I'm new in Fluentd. I use kubernetes daemonset fluentd to collect logs from docker containers and send them to kafka. I have another kubernetes service that consumes messages from kafka and sends them to elasticsearh followed by kibana. I want fluentd record's log field to be splitted into a separate fields for a further usage in kibana search queries.

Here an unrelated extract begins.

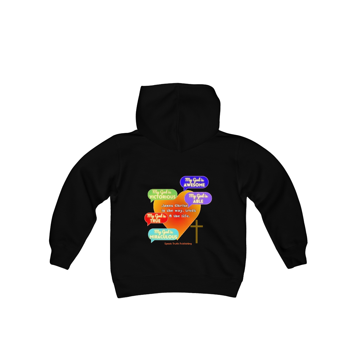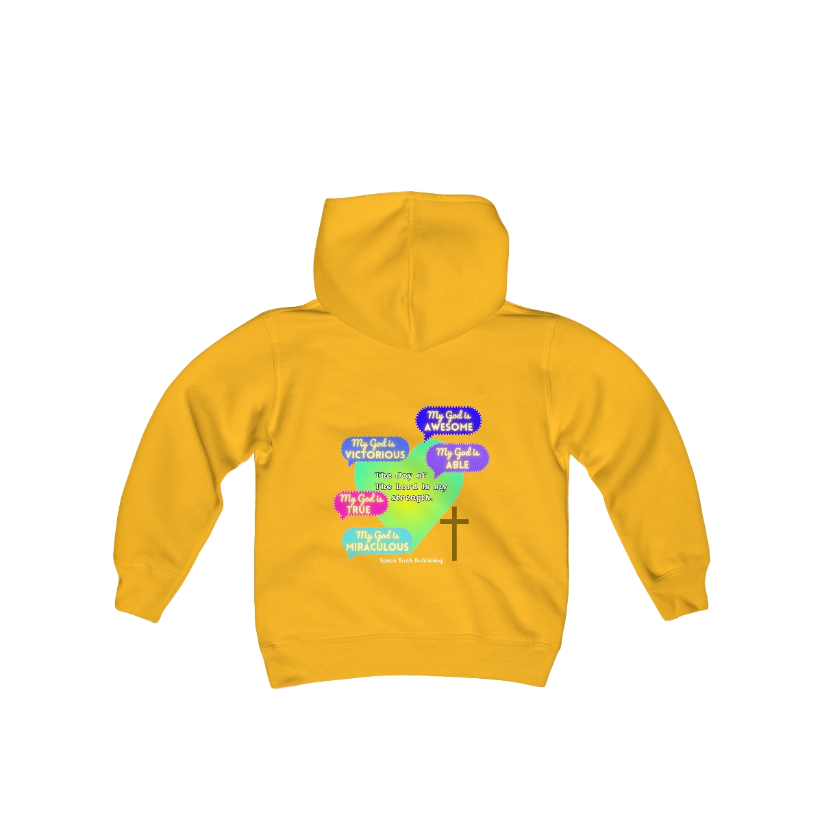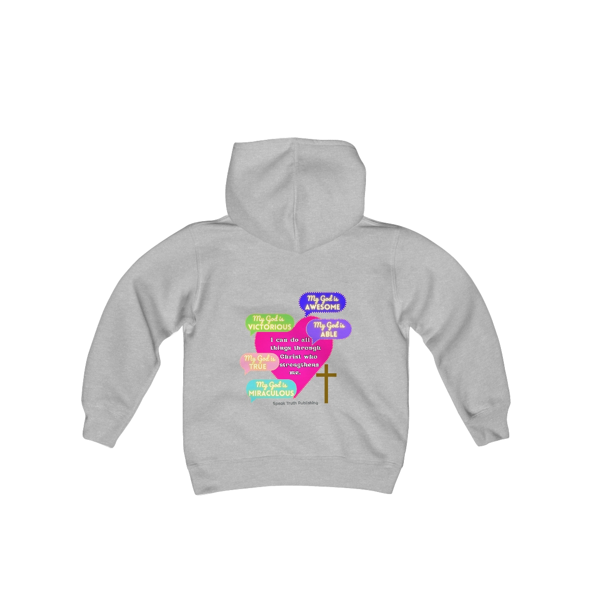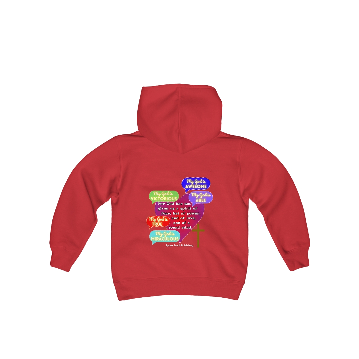 My Superhero Is God hooded sweatshirts are made specifically for the Youth–Yup that’s right. They are made of ultra-soft, preshrunk fleece that feels wonderful against the skin and runs true to size. The garments are 50% cotton 50% polyester with reduced lint buildup  (fiber content may vary for different colors). The front has a kangaroo pocket big enough for both hands. The back has a powerful scripture, making it a perfect declaration. Please note that each color sweatshirt has a different scripture on the back. Thank you for the support. May each child remeber The True Superhero!

For instance:
source record:
"log" : "{\"foo\" : \"bar\"}"
Output:
"foo" : "bar"
"log" : "{\"foo\" : \"bar\"}"
I came up with the following config:
<source>
@type kafka
brokers "#{ENV['FLUENT_KAFKA_BROKERS']}"
topics "#{ENV['FLUENT_KAFKA_TOPICS']}"
</source>
<filter "#{ENV['FLUENT_KAFKA_TOPICS']}">
@type parser
key_name log
reserve_data true
<parse>
@type json
</parse>
</filter>
<match "#{ENV['FLUENT_KAFKA_TOPICS']}">
@type elasticsearch
host "#{ENV['FLUENT_ELASTICSEARCH_HOST']}"
port "#{ENV['FLUENT_ELASTICSEARCH_PORT']}"
scheme "#{ENV['FLUENT_ELASTICSEARCH_SCHEME'] || 'http'}"
logstash_format true
</match>
But unfortunately not all logs are in json format, as result json parsers fails to parse plain text: ParserError error="pattern not match with data
Is it possible to apply json parser only if the log field is a valid json object ? If it's a plain text I'd like it to be sent as it is.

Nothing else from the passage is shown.